Дети рассыпались по двору, как горошины, выковыривая из оттаявшей земли позабытые до зимы предметы. Тётя Нюся вынесла на веранду огромное блюдо мямликов — маленьких булочек с запечённым салом — и потрескавшийся от старости глиняный кувшин с молоком. Она заговорщически подмигнула Инне издалека, как только её увидела. Успев по ходу перетормошить несколько разноцветных помпонов и кисточек, заинтригованная Инна ускорила шаг.
Саши нигде не было видно, зато неожиданно резанул по ушам возбужденный заливистый смех Светланы Фёдоровны. Он доносился из учительской, почти что бывшей учительской.
— Да-да, спасибо! Мы вам так благодарны! Ну что вы, не стоит больше беспокоиться, спасибо ещё раз!
Меня слишком долго не было, целых два дня, подумала Инна, заранее свыкнувшись с мыслью, что новость о фонде не затмит по значимости радостные возгласы почти что бывшего директора.
— Инна, здравствуйте! Вы кстати, у нас большой праздник — Сергей нашелся! Целый и невредимый…
Виновник торжества неловко улыбался, сидя в самом углу кабинета, измученный, с густо замазанными зелёнкой ранами.
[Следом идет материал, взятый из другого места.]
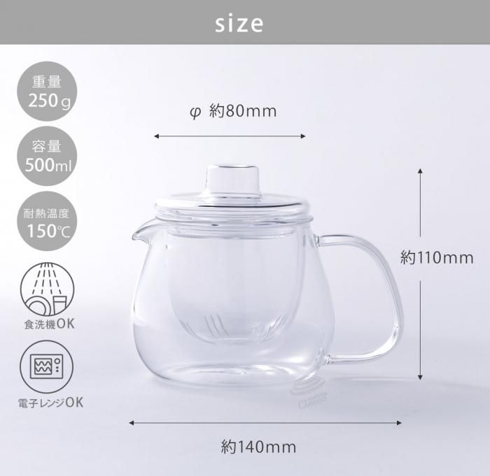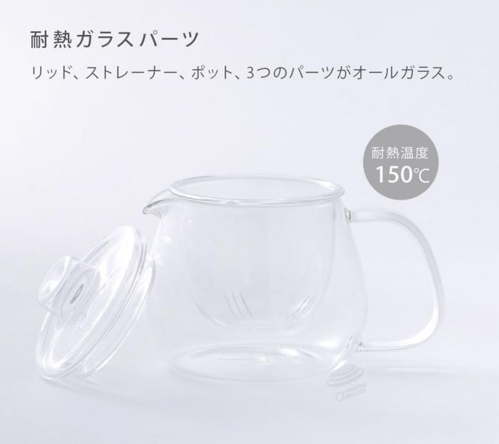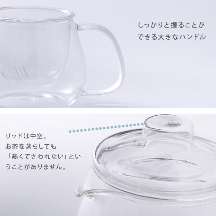 ユニティ ティーポット 450ml 8363 分類で探す キッチングッズ 食器・カトラリー コーヒー・お茶用品 ティーポット ブランドで探す キントー ユニティー UNITEA 価格帯(税込) 2,000円台の商品 キッチン 送料無料 ラッピング承ります オール耐熱ガラス製のスケルトンなティーポット リッドは中空になっているので 長くお茶を蒸らしても「熱くてさわれない」ということがありませんkinto-8363 2,200円(税込) SOLD OUT 製品について性能詳細お買い物ガイドクロッカについてオール耐熱ガラス製のスケルトンなティーポット 親しみやすいゆったりとしたフォルムでどんなシーンにも、どんな空間にもさりげなく溶け込んでいくUNITEA。 リッド、ストレーナー、ポット、3つのパーツがオールガラス。そのスケルトンなティーポットに、茶葉がゆったりと開く様子を眺めながら、リラックスした時間が流れます。リッドは中空になっているので、長くお茶を蒸らしても「熱くてさわれない」ということがありません。 サイズ幅14 × 奥行8 × 高さ11cm 容量満水容量:500ml、適正容量:450ml 重量約250g 材質耐熱ガラス(耐熱温度差 150℃) 生産国中国 備考○ 食洗機使用可○ 電子レンジ使用可○ 洗浄の際はクレンザーやたわしを使用しないでください。○ 直火(ティーライトキャンドルのみ)使用可。ティーライトキャンドル以外の炎で直火にかけないでください。 製造元KINTO -キントーRERATED ITEMS関連商品及源鋳造 OIGEN南部鉄器 急須 たまご型 0.55L ステンレス茶こし付き(ピンク・グリーン・ブルー)タテヨコ スリムピッチャー 1.4Lタテヨコ スライドピッチャー 1.3Lタテヨコ ワンプッシュピッチャー 2.2L K-1284タテヨコ ワンプッシュピッチャー 1.2Lタテヨコ ラージピッチャー 3.0L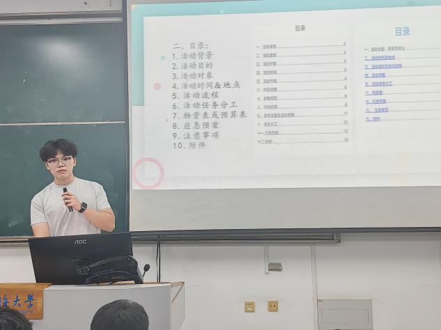 水电院学生会副主席柯坤以“策划案撰写标准和示例讲解”为题,从活动背景、目的意义、流程安排、预算明细、风险预案模块切入,逐条拆解易错点,现场问答解决潜在问题,手把手教学让参会人员策划案撰写能力得到提升,不再让策划案成为举办活动路上的绊脚石。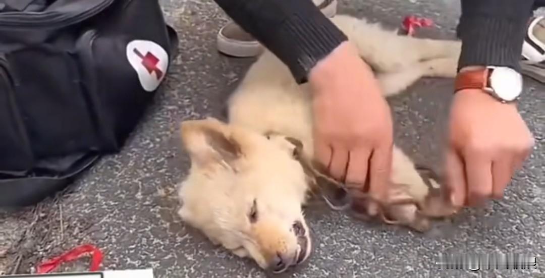 一只小狗被主人绑在高速公路的隔离带上,默默等待死亡降临。它的四肢被捆住,连嘴巴也被束缚起来。好在有好心人叫来了宠物医院的人。经过一番检查和抢救,小狗被带回了宠物医院。被抛弃狗狗 不爱请不要伤害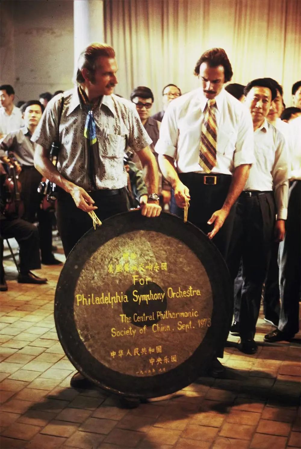1973年,費(fèi)城交響樂團(tuán)中國(guó)之行收到中央樂團(tuán)贈(zèng)予的禮物:一面直徑1.1米的大鑼。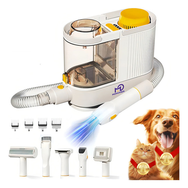 Máquina De Tosa Para Pets Cães E Gatos /Escova Pet Aspirador De Pelos Pet 5 Em1 Profissional kit , 1.9L Maquina de Tosa Profissional Cachorros Aparador de Pelos para Cachorro kit Momovida PG-1 Kit de tosa a vácuo para animais de estimação: 350 W de potência, sucção forte de 12.000 kPa. Aspirador de pó para tosa de cães. Com um poder de sucção de até 12.000 kPa, este kit de tosa para cães com função de aspiração pode coletar pelos de animais no recipiente do aspirador enquanto apara e penteia os pelos, mantendo sua casa limpa, sem mais pelos emaranhados e acumulados pela casa. Experimente uma experiência de higiene profissional em casa: Nosso kit de higiene para animais de estimação e aspirador de pó 5 em 1 tem tudo o que você precisa para cuidar de cães e gatos: pente protetor confortável e pente de corte ajustável (6/12/18/24 mm) para aparar pelos de diferentes comprimentos. O pente guia removível pode ser substituído de forma rápida e fácil para maior versatilidade. Seja seu animal de estimação de pelo longo ou curto, você pode deixá-lo desfrutar de uma experiência de higiene profissional no conforto da sua casa! Evite a ida cara ao pet shop e economize tempo e dinheiro! Design silencioso: Nosso aspirador de pó para animais de estimação tem apenas 60 decibéis. A máquina de cortar cabelo elétrica para cães adota um design silencioso e três potências de sucção ajustáveis para ajudar os animais a se sentirem à vontade e sem medo de cortar os pelos. Recomendamos pentear os pelos do seu animal com nossa escova antes de aparar os pelos, dando a ele alguns petiscos para evitar que ele fique nervoso devido ao barulho da aspiração, o que torna a experiência de higiene mais agradável. Grande Capacidade Coletor de Pó: Nosso aspirador de pó para tosa de cães é equipado com um coletor de pó grande que acomoda facilmente até cães de grande porte, sem a necessidade de parar com frequência para esvaziá-lo ao pentear e aparar os pelos. Além disso, o coletor de pó é muito fácil de esvaziar – basta puxar o fecho de liberação rápida do coletor para esvaziá-lo sem contato. O cabo de alimentação tem cerca de 2,5 metros de comprimento, o suficiente para proporcionar maior flexibilidade. Você pode pentear os pelos do seu animal de estimação no quintal ou em uma sala espaçosa sem restrições de distância. Além disso, todos os acessórios são armazenados de forma organizada na bolsa de armazenamento, dizendo adeus à desordem. Conteúdo da Embalagem: - 1x Aspirador de Pó - 1x Mangueira Desmontável - 1x Máquina de Cortar Pelos Elétrica - 1x Ferramenta de Depilação - 1x Escova de Pelos 2 em 1 - 1x Escova de Limpeza - 1x Depilador - Pente de Proteção Comfort (6/12/18/24 mm) - Kit de Filtro de Reposição - Manual de Instruções - Cabo de alimentação de 2,5 m Momovida prioriza a saúde e segurança dos pets. Nossos produtos são testados por organizações internacionais como SGS, PONY e QIT, garantindo conformidade com todas as certificações de segurança. Garantia do vendedor: 90 dias
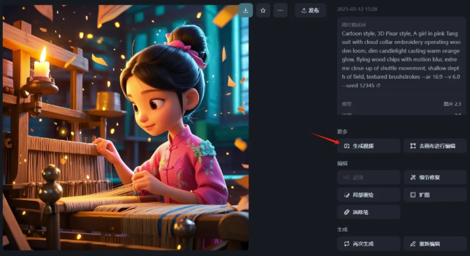 有了AI绘制的分镜图,接下来就是让它动起来!即梦本身支持 图生视频,非常适合这种古风视频。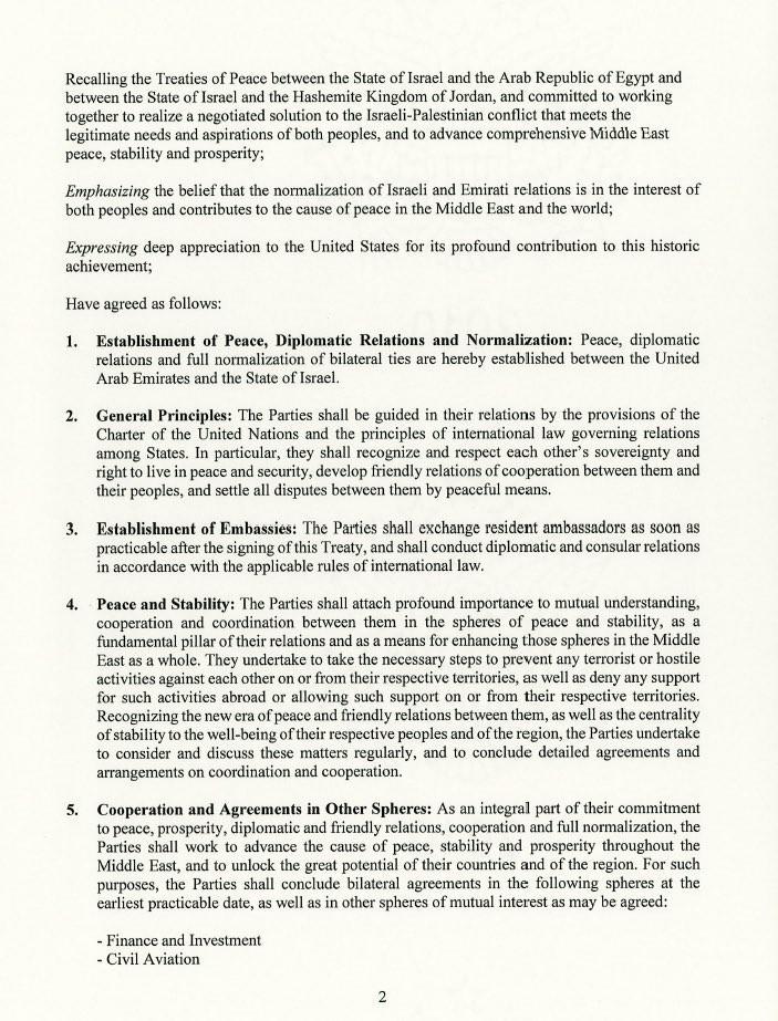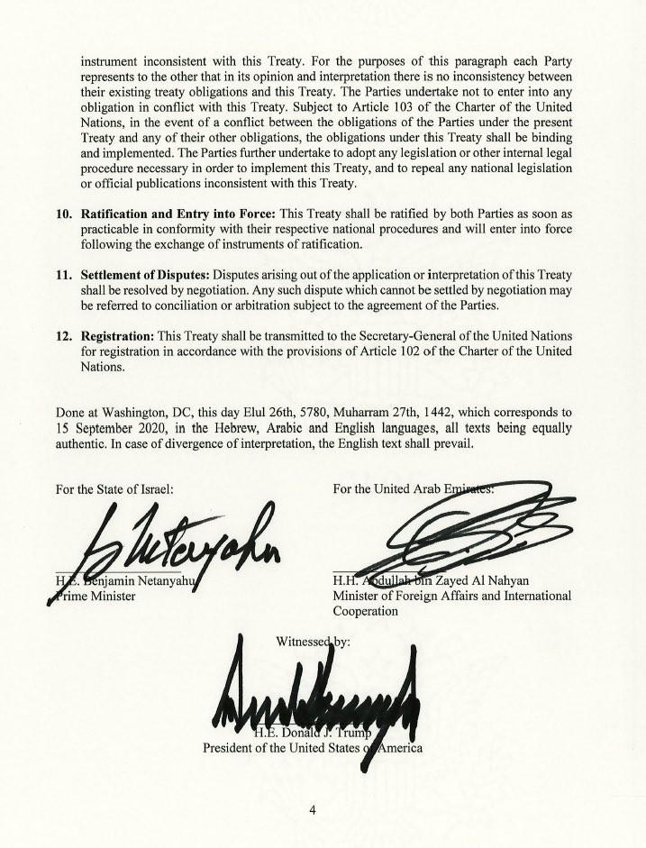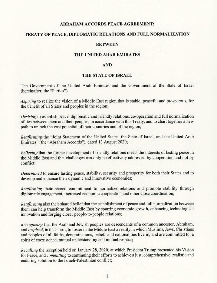 أصدر البيت الأبيض نص اتفاقية التطبيع الإماراتية- الإسرائيلية، التي تتألف من أربع صفحات، بعد ساعات من حفل التوقيع على الاتفاق الثلاثي بين الإمارات والبحرين وكيان الاحتلال الإسرائيلي في واشنطن.

— Серёжа не пропал без вести!
Инна позволила себе приблизиться к диковатому завхозу и взять его расцарапанную руку в свои ладони. Он не ожидал от неё такой смелости, стушевался и опустил глаза. От него пахло мылом и свежим бельём, и ещё теплился застарелый дух въевшегося в кожу дыма и прелой травы.
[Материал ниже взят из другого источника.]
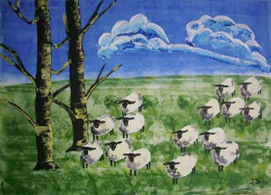 2008Kudde in het veen, sjabloon techniek, acryl op papier met paletmes.
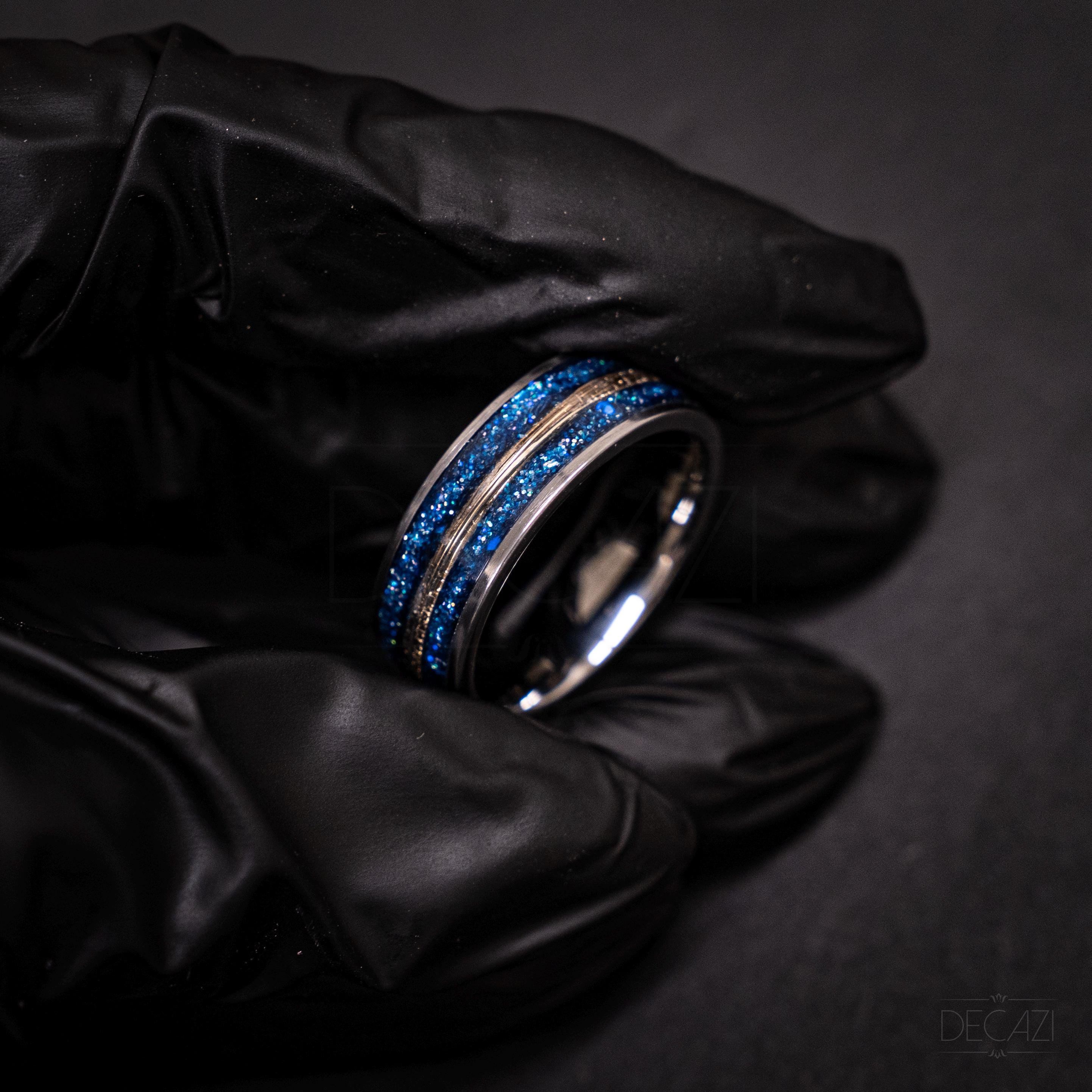 Crafted from durable silver-colored tungsten carbide, this ring is designed to last a lifetime. The deep, cosmic colors of the galaxy opal shimmer beautifully under light, while the 18K gold wire inlay adds a luxurious contrast and elegant detail.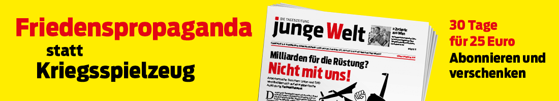 Viel Licht scheint es dieser Tage nicht zu geben, was nicht nur an den kürzeren Tagen, sondern vor allem an düsteren Entwicklungen in dieser Welt und den noch düsteren Reaktionen unserer Regierenden und einstimmenden Medien liegt. Diesem Kriegsgebrüll setzt die junge Welt etwas entgegen: Friedenspropaganda!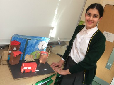 For their latest Art project Year 6 have been looking at artists who have depicted the city ( for example L. S. Lowry). They designed and made their own cityscape scenes. Here is Anika with her “Bus Scene” and Charlotte, Amrit and Saanvi with their “Snapshot of a City” group project. The detail is amazing ! Look out for the netball player and the woman holding a baby all made with great care in clay. They all worked so hard and are rightly proud of the finished results.
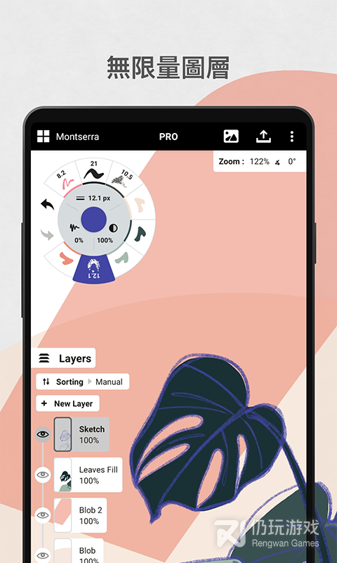 • 工具转轮和工具栏让您可个性化配置常用笔刷和预设

— Сергей Али-Мамедович, я… я очень рада, что вы нашлись. Вы ведь серьёзно не пострадали?
Он отрицательно качнул головой и посмотрел на неё из-подлобья:
— Со мной всё в порядке…
Сергей почувствовал, потом увидел перемену в ней, от которой вмиг стало не по себе. Инна преобразилась и выглядела уверенной, очнувшейся от долгого сна спящей красавицей. Сквозь паутинку морщин, наложенную временем, прорезались черты былой светскости, увековеченной когда-то модными журналами. И запах, исходивший от неё, был запахом другого мужчины. Перемешавшись с её собственным, он больно ранил обоняние.
— Слава богу, Серёжа. Могу я вас так называть?
Он согласно кивнул. В кабинете стало тихо, все присутствующие наблюдали за ними, особенно раскрасневшаяся Света — эпицентр радости до этого момента.
— Где вы пропадали так долго, Серёжа? — ей нравилось выговаривать его имя, точно начинающему дрессировщику приручать диковинного зверя голосом. — Мы успели заявить о вашем исчезновении в милицию.
— Я уже позвонила в милицию, сказала, что всё в порядке, — вмешалась Светлана, — только что говорила с ними.
— Очень хорошо, — Инна не сводила глаз с Сергея, — надеюсь, они поняли.
Что поняли, о чём ты бормочешь? Выпусти его руку, немедленно! Видишь, он сдерживается изо всех сил, чтобы не вырвать её. Иннин внутренний монолог опять прервала Света:
— Инна, Сергей Али-Мамедович обнаружил кое-что и собирался нам об этом рассказать.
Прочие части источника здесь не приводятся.